The McDonnell Douglas F-4 Phantom II is a tandem two-seat, twin-engined, all-weather, long-range supersonic jet interceptor fighter/fighter-bomber originally developed for the United States Navy by McDonnell Aircraft. It first entered service in 1960 with the U.S. Navy. Proving highly adaptable, it was also adopted by the U.S. Marine Corps and the U.S. Air Force, and by the mid-1960s had became a major part of their respective air wings.

The Phantom is a large fighter with a top speed of over Mach 2. It can carry over 18,000 pounds (8,400 kg) of weapons on nine external hard points, including air-to-air and air-to-ground missiles, and various bombs. The F-4, like other interceptors of its time, was designed without an internal cannon, but later models incorporated a M61 Vulcan rotary cannon. Beginning in 1959, it set 15 world records, including an absolute speed record, and an absolute altitude record.

During the Vietnam War, the USAF had one pilot and two WSOs, and the US Navy one pilot and one RIO, become aces in air-to-air combat.It continued to form a major part of U.S. military air power throughout the 1970s and 1980s, being gradually replaced by more modern aircraft such as the F-15 Eagle and F-16 in the U.S. Air Force; the Grumman F-14 Tomcat and F/A-18 Hornet in the U.S. Navy; and the F/A-18 in the U.S. Marine Corps.

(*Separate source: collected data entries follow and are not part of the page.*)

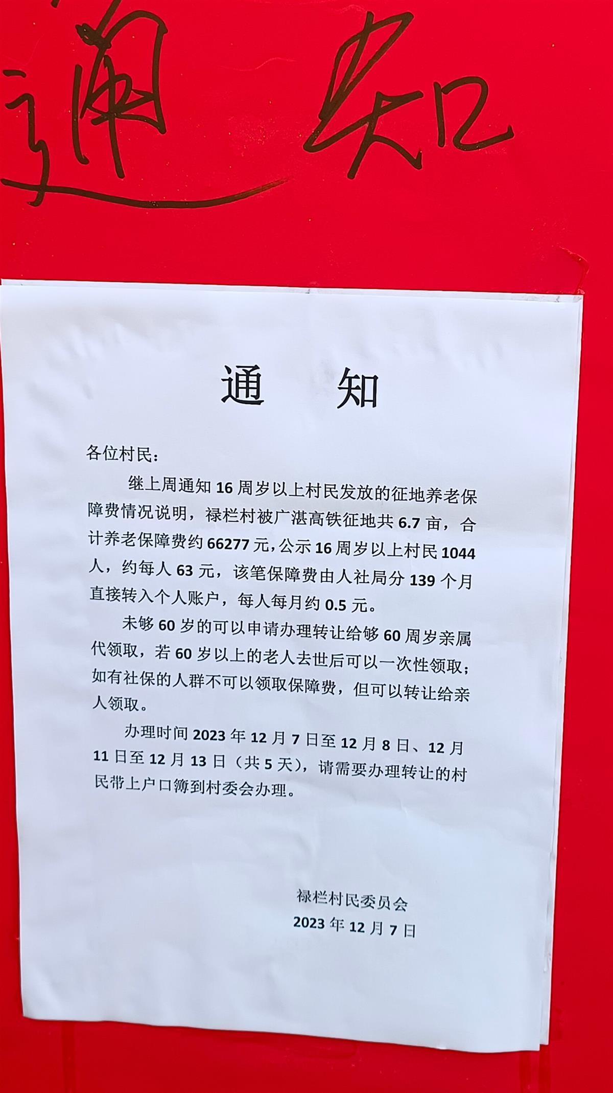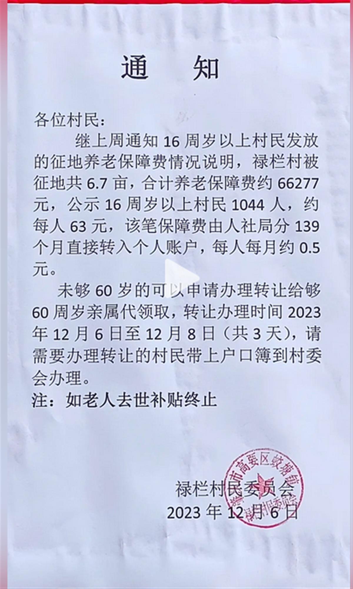 12月6日,广东肇庆市高要区蛟塘镇禄栏村村民委员会发布的一则通知显示:各位村民,继上周通知16周岁以上村民发放的征地养老保障费情况说明,禄栏村被征地共6.7亩,合计养老保障费约66277元,公示16周岁以上村民1044人,约每人63元,该笔保障费由人社局分139个月直接转入个人账户,每人每月约0.5元。
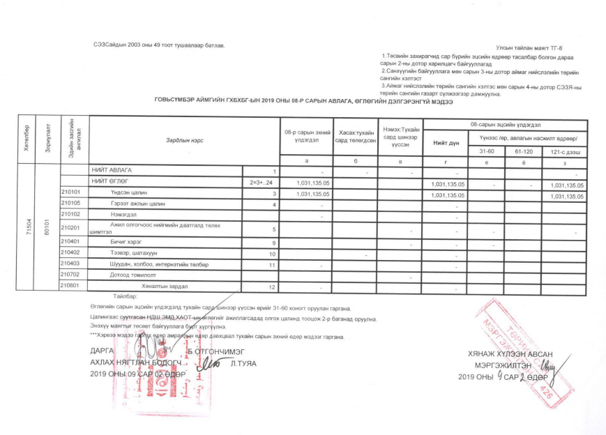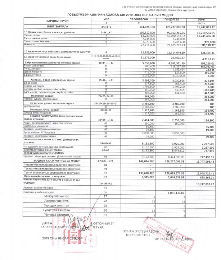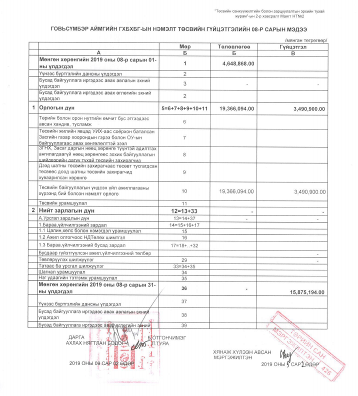 2019 ОНЫ ТӨСВИЙН ГҮЙЦЭТГЭЛИЙН 8 ДУГААР САРЫН МЭДЭЭ
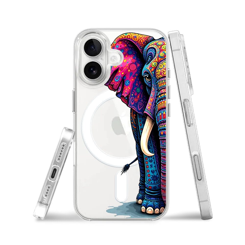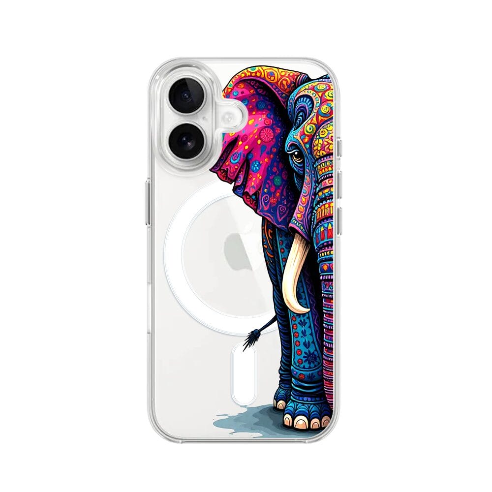 Etui do iPhone 16 Plus z MagSafe przeźroczyste, silikonowe Flexi, Dzika Mandala, Słoń
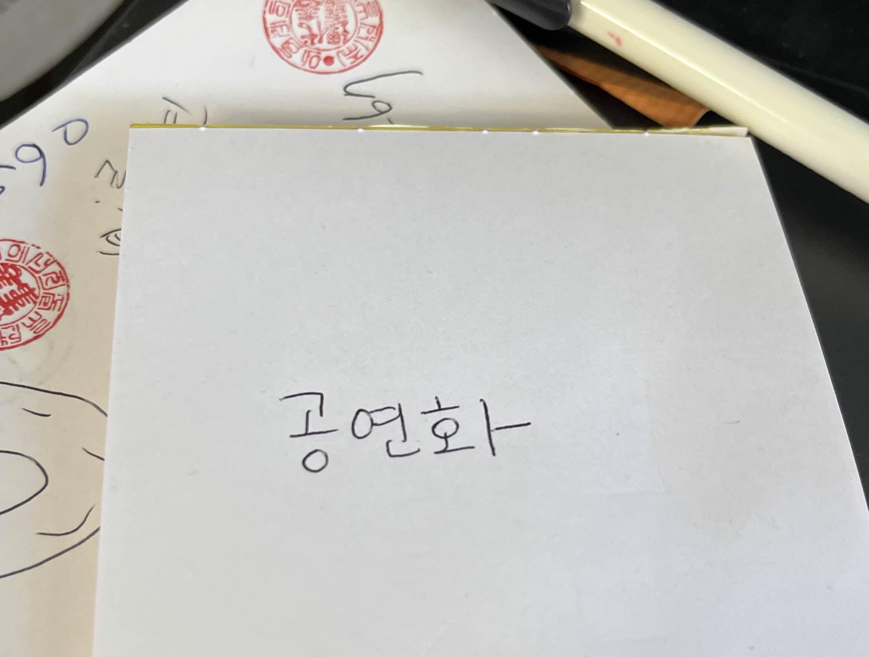 도장 파겠다고 하니 사장님이 이름을 글자로 써보라고 하셔서 또박또박하게 작성해 드렸다 ㅋㅋ 입으로 말했다가 혹시 틀리면 안 되니까 써보라고 하시는 것 같다.
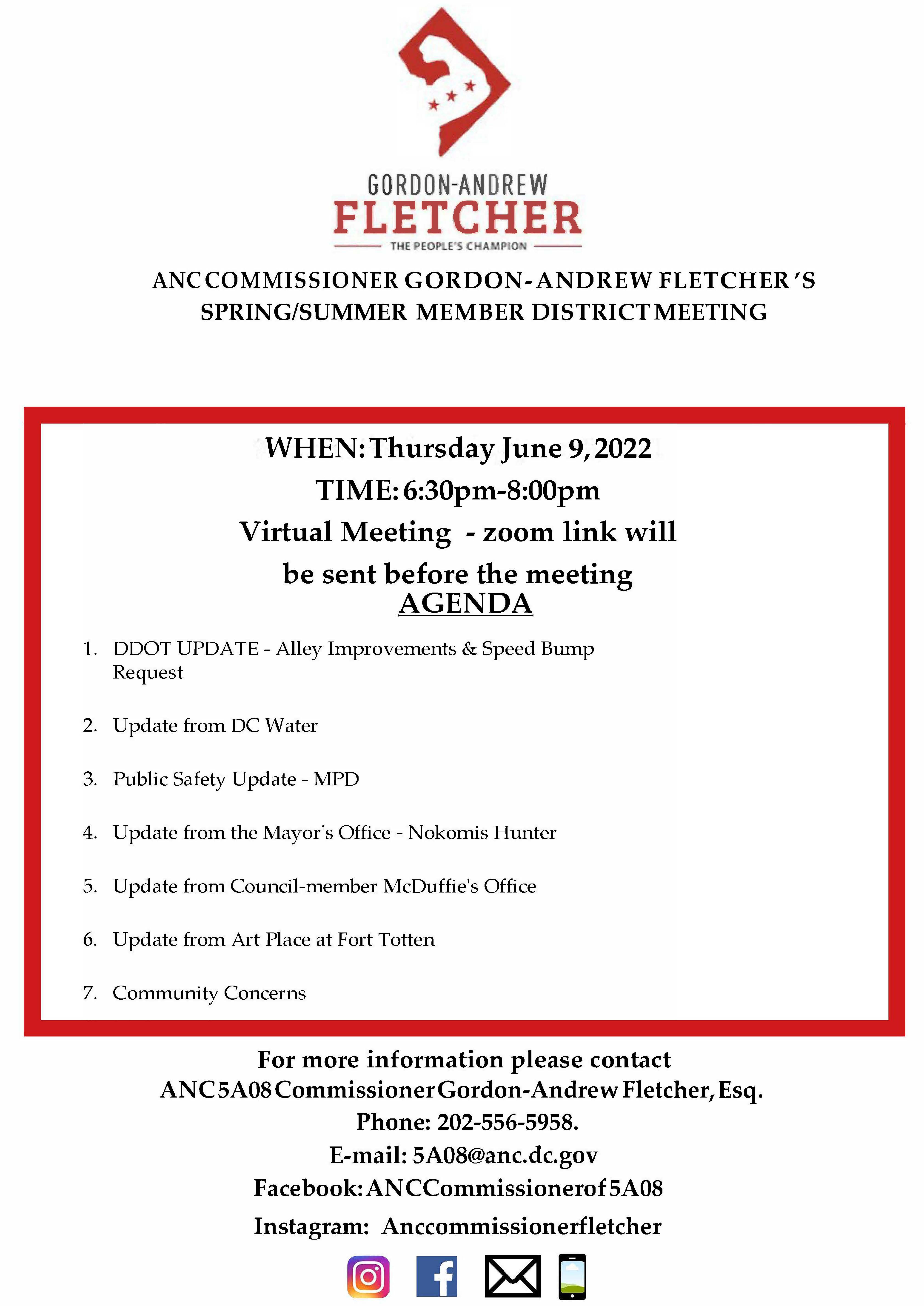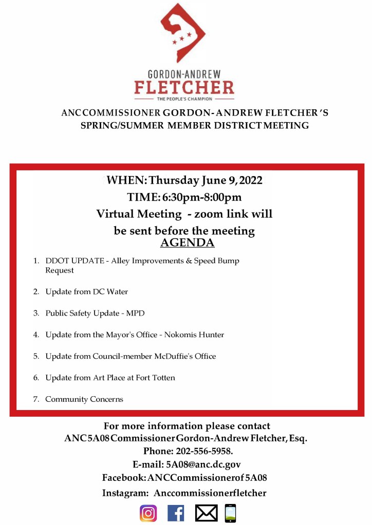 North Michigan Park Civic Association Meeting Agenda June 1, 2022 7:00 pm
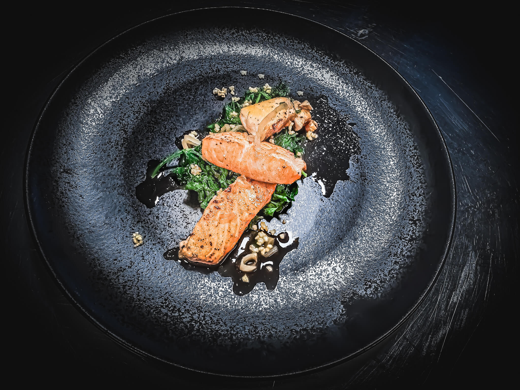 - Lachs portionieren, mit Zitronenöl beträufeln und mit Salz & Pfeffer würzen.
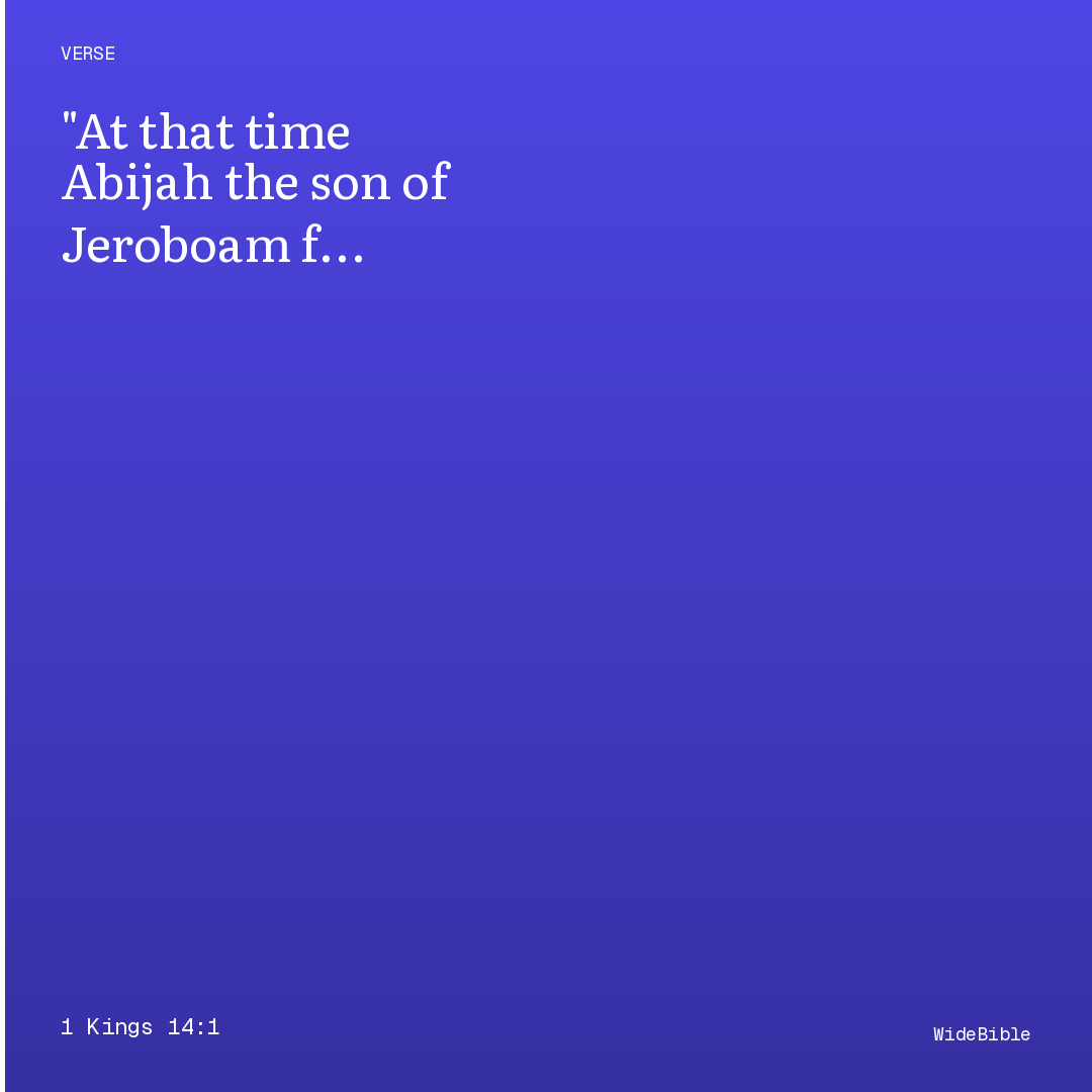 This verse from 1 Kings Chapter 14 connects to 9 cross-references. Jeroboam sends his wife in disguise to the blind prophet Ahijah; Ahijah knows her before she speaks and pronounces doom on Jeroboam's house for leading Israel into sin—all his male heirs will be cut off. His sick son dies when …
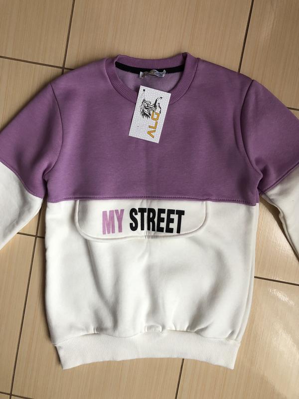 Стильный Свитшот, новый с этикеткой, утепленный Длина 51 см, длина рукава 47 см, обхват груди 74 см, ширина плеч 33 см
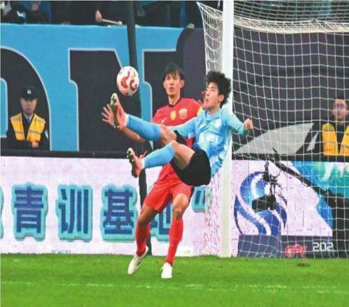 英博海发队球员朱鹏宇(前)倒钩射门。 辽宁日报记者 孙海涛 摄
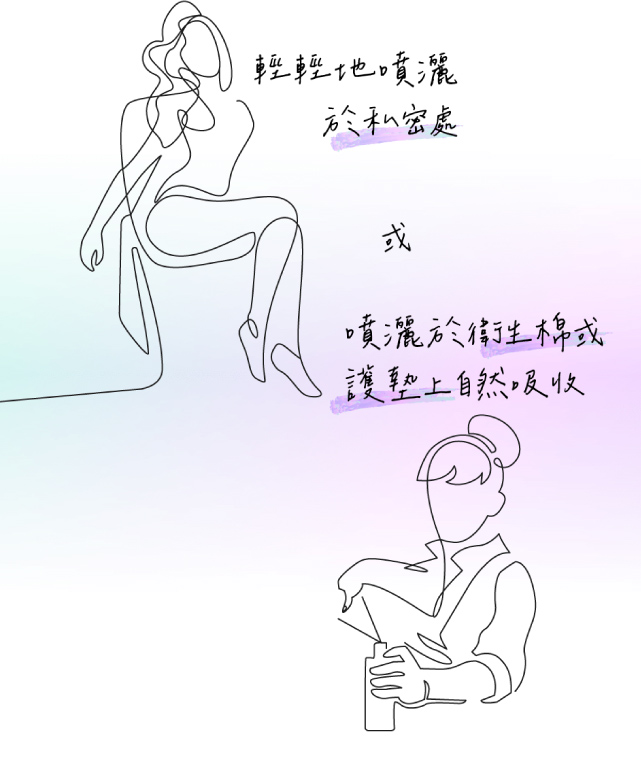 使用方式很簡單,輕輕地噴灑於私密處或衛生棉、護墊上讓其自然吸收即可。
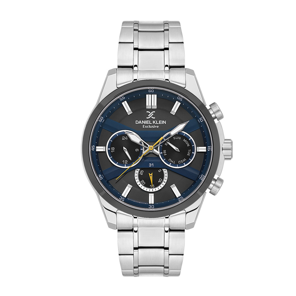 Спортно-елегантен мъжки часовник Daniel Klein от колекцията Exclusive. Моделът е с метален корпус и верижка от неръждаема стомана. Мултифункционален дисплей в черен цвят с показатели за дата, ден от седмицата и 24-часов формат. Луминесцентно покритие върху стрелките и индексите. Стъкло минерал-кристал. Диаметър на корпуса 44 мм. Часовникът се задвижва от кварцов механизъм. Водоустойчивост 5 ATM - допускат се леки пръски и взимане на душ, не се препоръчва обилно мокрене.
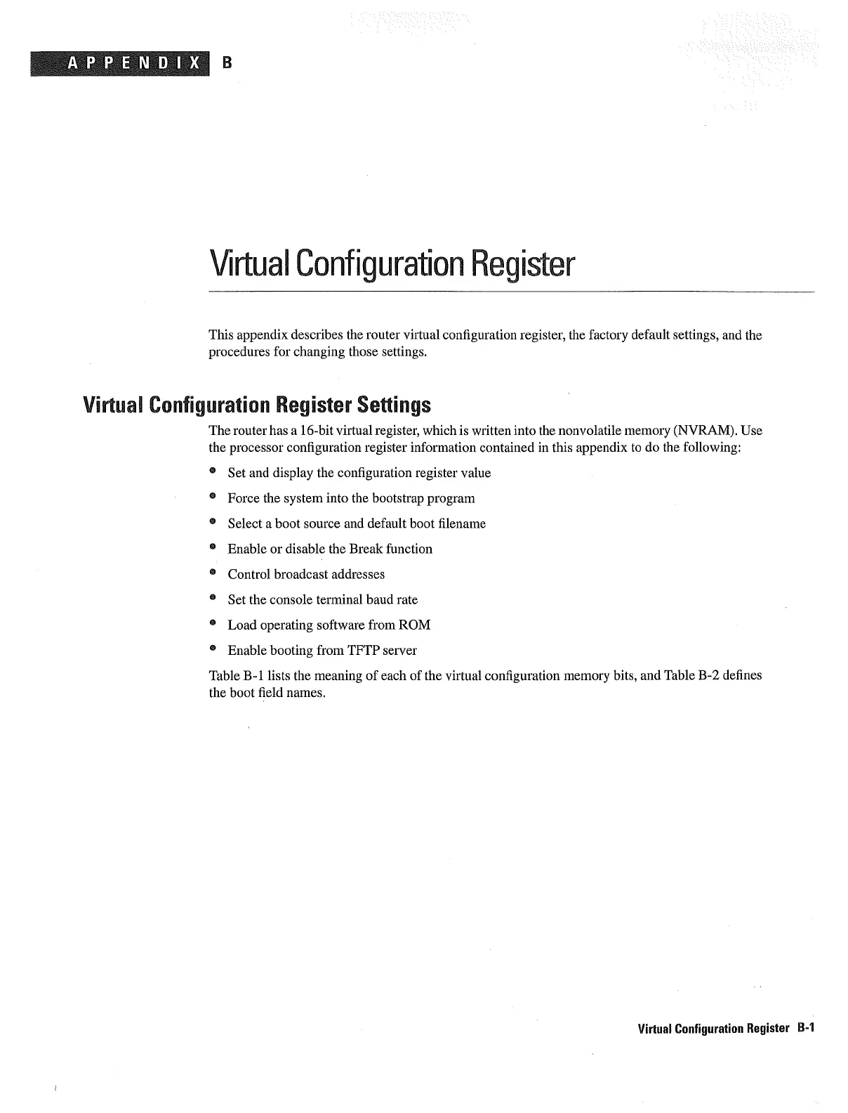 Cisco 3000 Series - Appendix B Virtual Configuration Register; Virtual Configuration Register Management
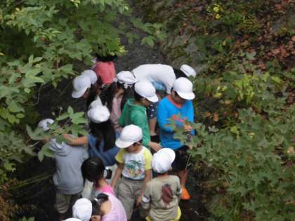 赤組、白組順番に川遊びをしました。裸足になりサンダルに履き替え水に浸かっていましたが、少し冷たかったようです!
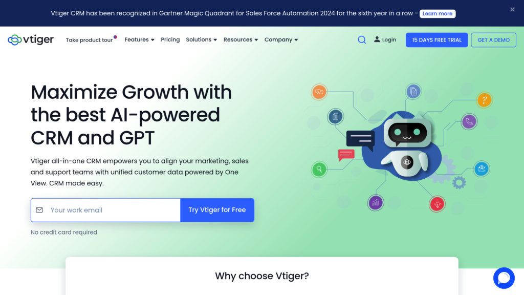 Vtiger CRM объединяет продажи, маркетинг и поддержку. Автоматизируйте процессы, получайте AI-инсайты и улучшайте взаимодействие с клиентами.
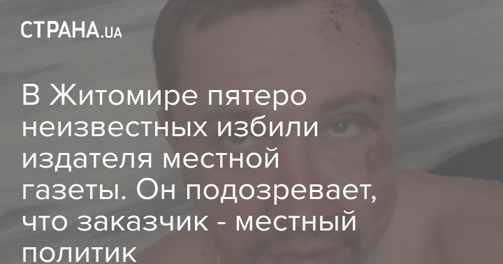 В ночь на воскресенье, 15 августа, в центре Житомира неизвестные избили издателя местной газеты "20 минут" Александра Васильковского. Пострадавший считает, что в нападении замешан местный публичный деятель из сферы политики.
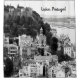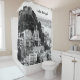Beautiful Black and White Skyline of Lisbon, Portugal shower curtain featuring St. George’s castle and the old world buildings and the River Tagus in the background.

The F-4 Phantom II remained in use by the U.S. in the reconnaissance and Wild Weasel (suppression of enemy air defenses) roles in the 1991 Gulf War, finally leaving service in 1996. It was also the only aircraft used by both U.S. flight demonstration teams: the USAF Thunderbirds (F-4E) and the US Navy Blue Angels (F-4J). Phantoms remain in front line service with seven countries, and in use as an unmanned target in the U.S. Air Force. Phantom production ran from 1958 to 1981, with a total of 5,195 built, making it the most numerous American supersonic military aircraft. The F-4 carries a crew of 2 with a behemoth max take off weight of 61,795lbs! The jet is powered by 2 General Electric (and I thought they only made dishwashers) J79-GE-17A axial compressor turbojets. The F-4 cruises at 585mph with a maximum speed of Mach 2.23 (1472mph) and a service ceiling of 60,000 feet.